Saudi Arabia’s crude oil production saw a modest increase of 1.21% in November, reaching 8.92 million barrels per day, according to data from the Joint Organizations Data Initiative.
Despite a 2.05% drop in overall crude exports to 6.21 million barrels per day, this level marked an eight-month high. Meanwhile, refinery crude exports jumped 36% year-on-year to 1.14 million barrels per day, although they fell 18.65% from October.
Key refined products include diesel, motor gasoline, aviation gasoline, and fuel oil. Diesel exports constituted 38% of the shipments, motor and aviation gasoline 24%, and fuel oil 11%. Notably, motor and aviation gasoline shipments surged 63% annually to 272,000 barrels per day, while diesel exports rose 27% to 439,000 barrels per day.

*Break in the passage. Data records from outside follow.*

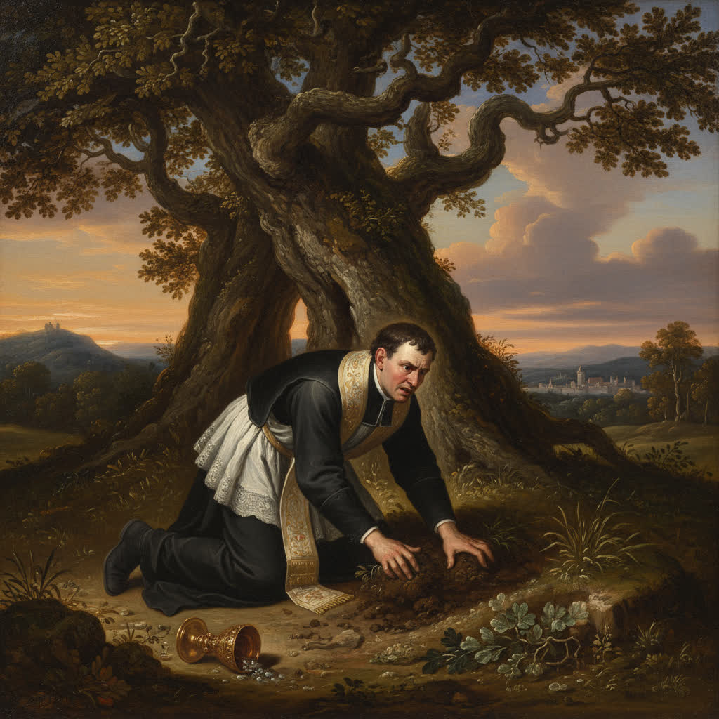 Lleno de remordimiento, el pastor confiesa su acto a su párroco. El sacerdote va inmediatamente al lugar indicado para intentar recuperar la Partícula sagrada, pero a pesar de buscarla, no puede encontrarla.
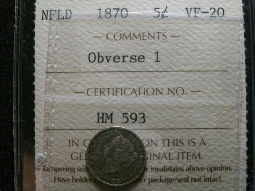 Nfld 1870 Obv.1 5¢ ICCS VF20, lightly toned.
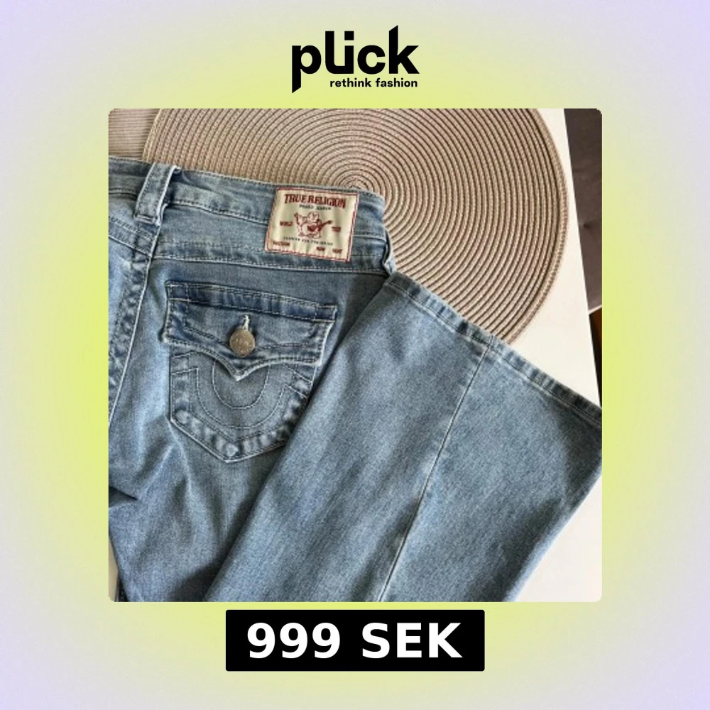 Supersnygga ljusblå jeans från True Religion, helt oanvända endast testade! Midjemått är ca 36 cm rakt över och innerbenslängden är ca 81/82 cm 💕 Jag är ca 166 å de passar mig bra 💕
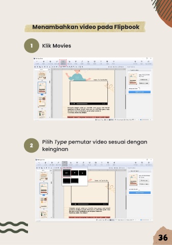 Menambahkan video pada Flipbook 1 Klik Movies Pilih Type pemutar video sesuai dengan 2 keinginan 36
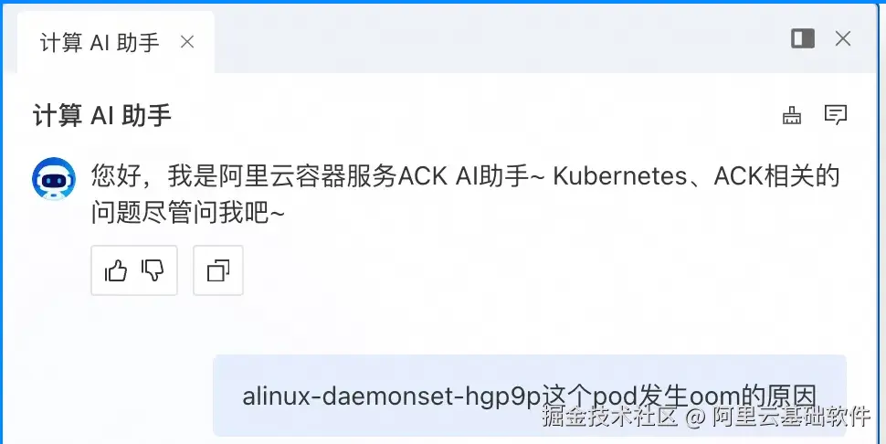 ACK AI 助手是构建在阿里云容器服务 ACK 之上的智能运维助手。
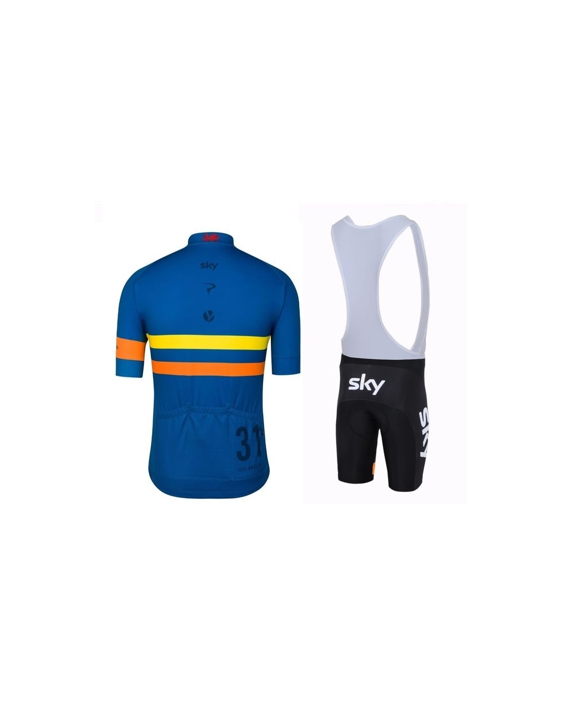 El maillot de la equipación SKY está hecho de 100% poliéster, lo que garantiza una transpirabilidad excepcional. Sus características principales incluyen:- Tres bolsillos traseros: Ideales para llevar botellas de agua y otros artículos esenciales.
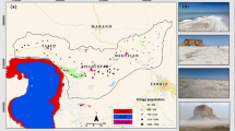 Lake Urmia is one of the most hyper-saline and well-known drying (and even dying) lakes. It has been drying up since 2000. The lake, at an elevation of 1286 m above mean sea level and with an area of 5000 km2, is located in north-western Iran (Supplementary Fig. 1). Lake Urmia and its watershed are critical in the daily life of millions of people as well as 226 species of birds and other animals. The Lake Urmia Basin (LUB), with an area of 51,876 km2, hosts agricultural areas for FP and industrial activities. Extensive plains and fertile agricultural farmlands surrounding the lake have made LUB one of the most critical areas for food production and animal husbandry in Iran. According to the Iranian Ministry of Agriculture9, with about 500,000 hectares** of farmlands (360,000 croplands and 140,000 orchards), the LUB accounts for 8.4% of the total area of farmland in Iran. There are 42 cities and 520 villages in the LUB, according to the National Statistics Center of Iran10. Based on the latest Iranian census (2016), 7.3 million people live in the LUB, which is about 9.2% of Iran’s total population. Due to climate change and intensive land use/cover changes (LUCC), the lake has lost about 65–85 percent of its surface area since 2000, increasing the expanse of flat salty areas2. Aside from changing climate conditions, inappropriate irrigation practices and extensive anthropogenic pressure are further factors contributing to the drying up process, leading to drastic changes to the ecosystem of the LUB. The gradual drying up of the lake and associated environmental changes are also anticipated to lead to salt and dust storms, and extensive soil and water salinization. Such major environmental issues will threaten public health and the FP in the coming decades. From the environmental perspective, it is believed that a reduction in the lake’s water level will lead to the formation of salt domes and intensify desertification, thereby threatening the productivity of the nearby farmlands through soil and water salinization. As with other drying lakes, there is also great concern that the lake will completely dry up in the future (see Supplementary Fig. 2 as an example).
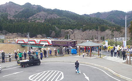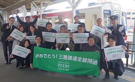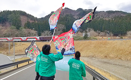 2019年3月23日にリアス線全線開通を祝したミニイベントを開催し、お客様と地元の方々、クラブツーリズムの社員が旗をふって一番列車を温かくお迎えし、喜びと感動を分かち合いました。
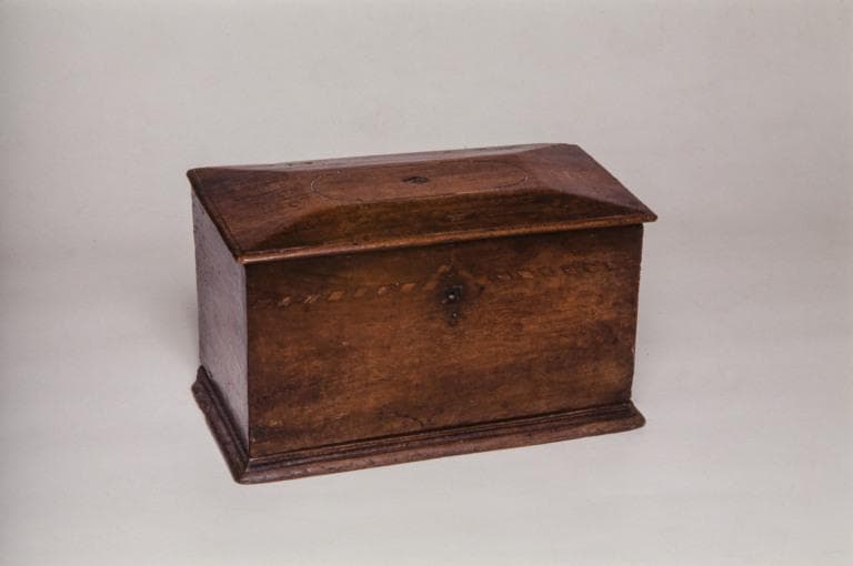noyer : taillé, incrustations ; fer (garniture) : forgé
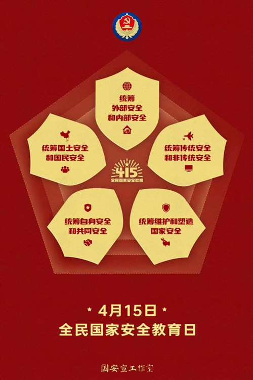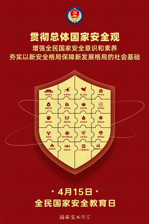 2023年4月15日是第八個(gè)全民國家安全教育日。活動(dòng)主題為:“貫徹總體國家安全觀,增強(qiáng)全民國家安全意識和素養(yǎng),夯實(shí)以新安全格局保障新發(fā)展格局的社會(huì)基礎(chǔ)。”
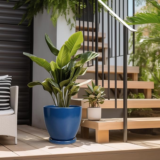 10 Inch Plant Pot - Ceramic Planter with Drainage Hole and Saucer, Modern Flower Pot, Round Planters for Indoor Plants, Home Patio Bathroom Porch Garden Living Room Decor, Blue
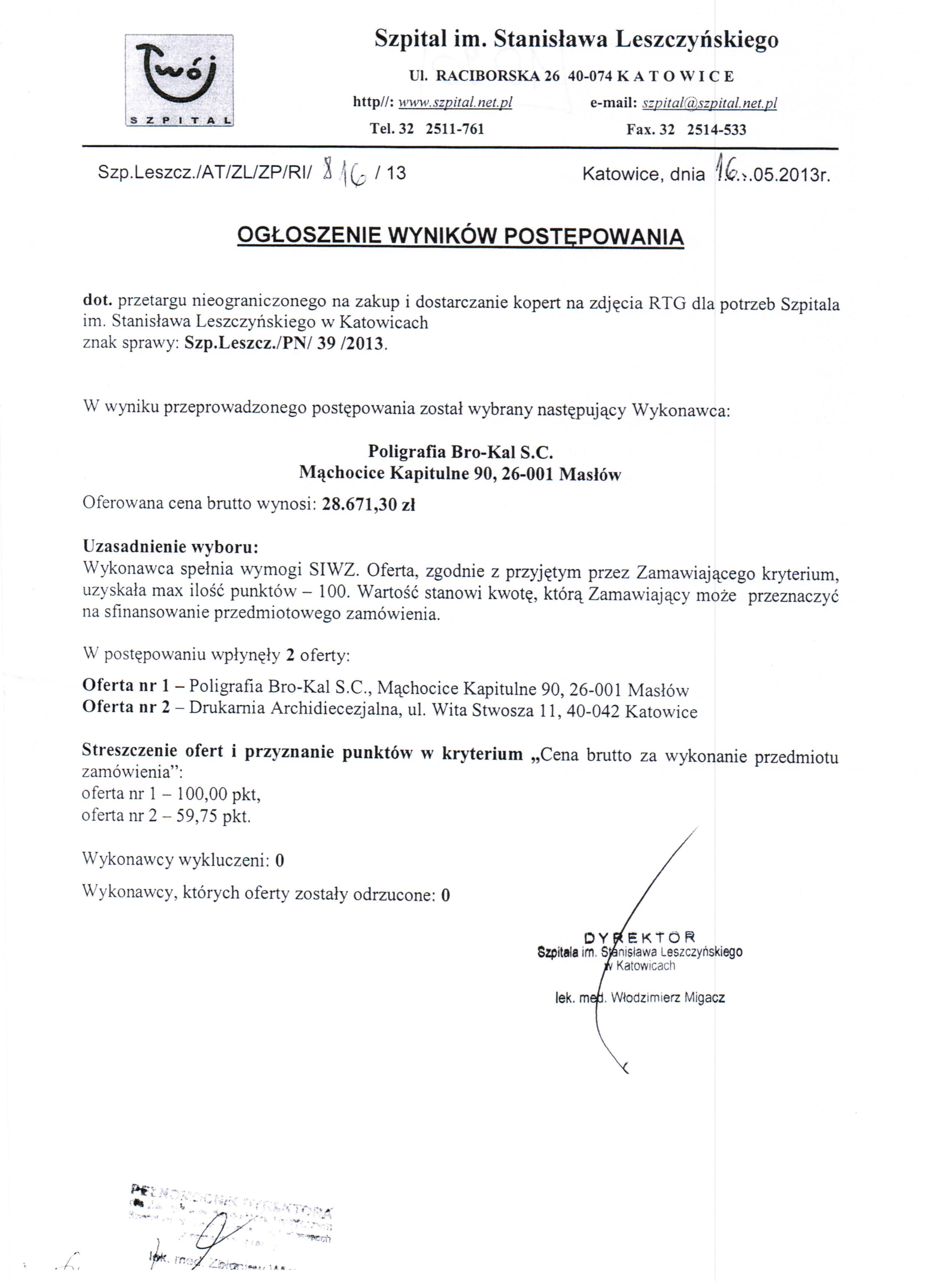 w dniu 25.04.2013 r. o godz. 11:00 w Szpitalu im. Stanisława Leszczyńskiego w Katowicach ul. Raciborska 28, budynek Przychodni, II piętro, Sekcja Zamówień Publicznych.
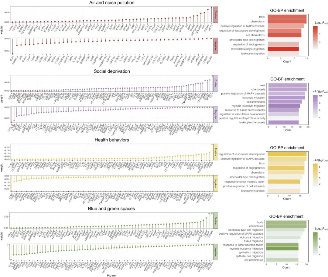 为了深入探索环境暴露影响健康的内在机制,研究团队对2911种血浆蛋白进行了分析。不同暴露模式具有独特的蛋白质特征,尤其是社会剥夺和空气噪音污染模式。
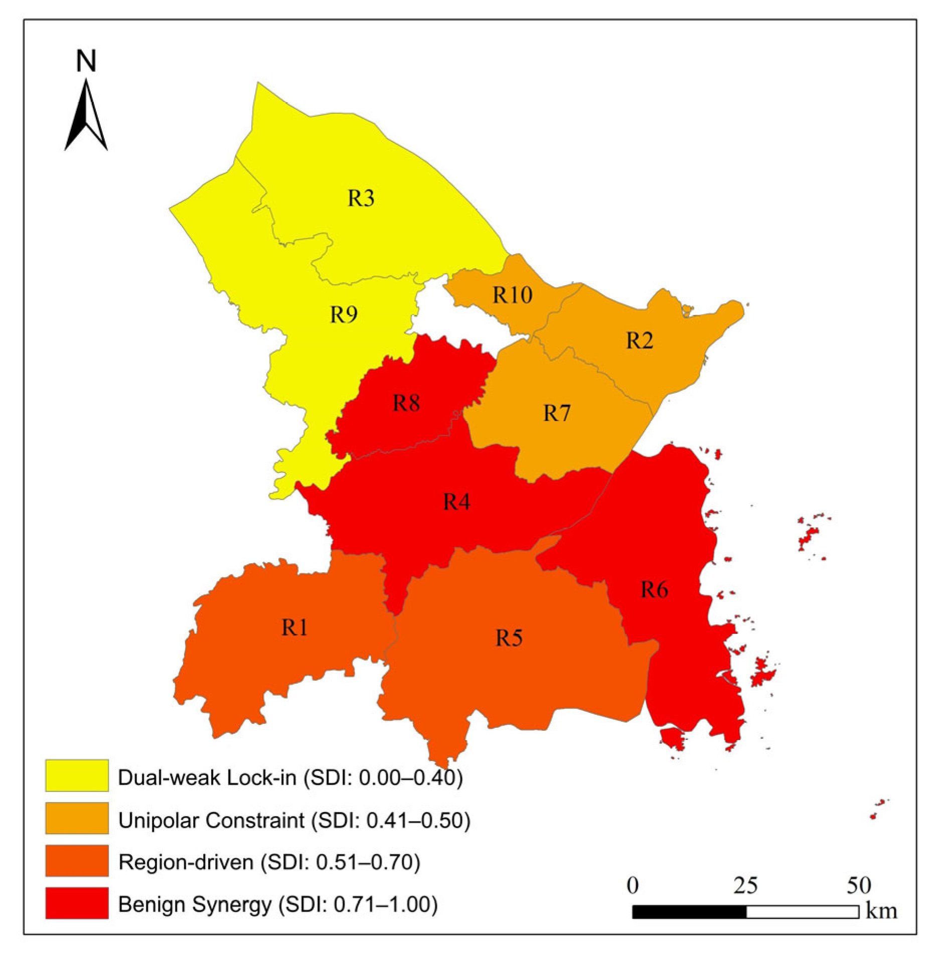 (3) Unipolar Constraint type includes R2 (SDI = 0.441), R7 (SDI = 0.432), and R10 (SDI = 0.428). In these regions, substantial deficiencies in one subsystem suppress overall coordination, necessitating targeted interventions to alleviate single-dimension bottlenecks.

The refinery output increased by 13% year-on-year to 2.35 million barrels per day, with diesel making up 40% of the total, followed by motor and aviation gasoline at 25% and fuel oil at 19%. Domestic demand for refinery products rose to 2.56 million barrels per day, up by 210,000 barrels year-on-year.
OPEC+ has delayed its planned oil output increase by three months to April, extending the full unwinding of production cuts to the end of 2026. This decision responds to weak global demand and rising output from non-OPEC+ countries. Originally, the cuts were to ease in October 2024.
Saudi Arabia’s direct crude oil usage decreased by 24% annually to 382,000 barrels per day in November, though it rose 5.5% from October. This reduction aligns with a global move towards cleaner energy sources like natural gas and renewables, driven by enhanced energy efficiency and environmental regulations.
Under Vision 2030, Saudi Arabia aims to eliminate crude oil, fuel oil, and diesel in power generation, substituting them with natural gas and renewable energy. This shift is expected to boost natural gas demand significantly, spurring investments in exploration and infrastructure development.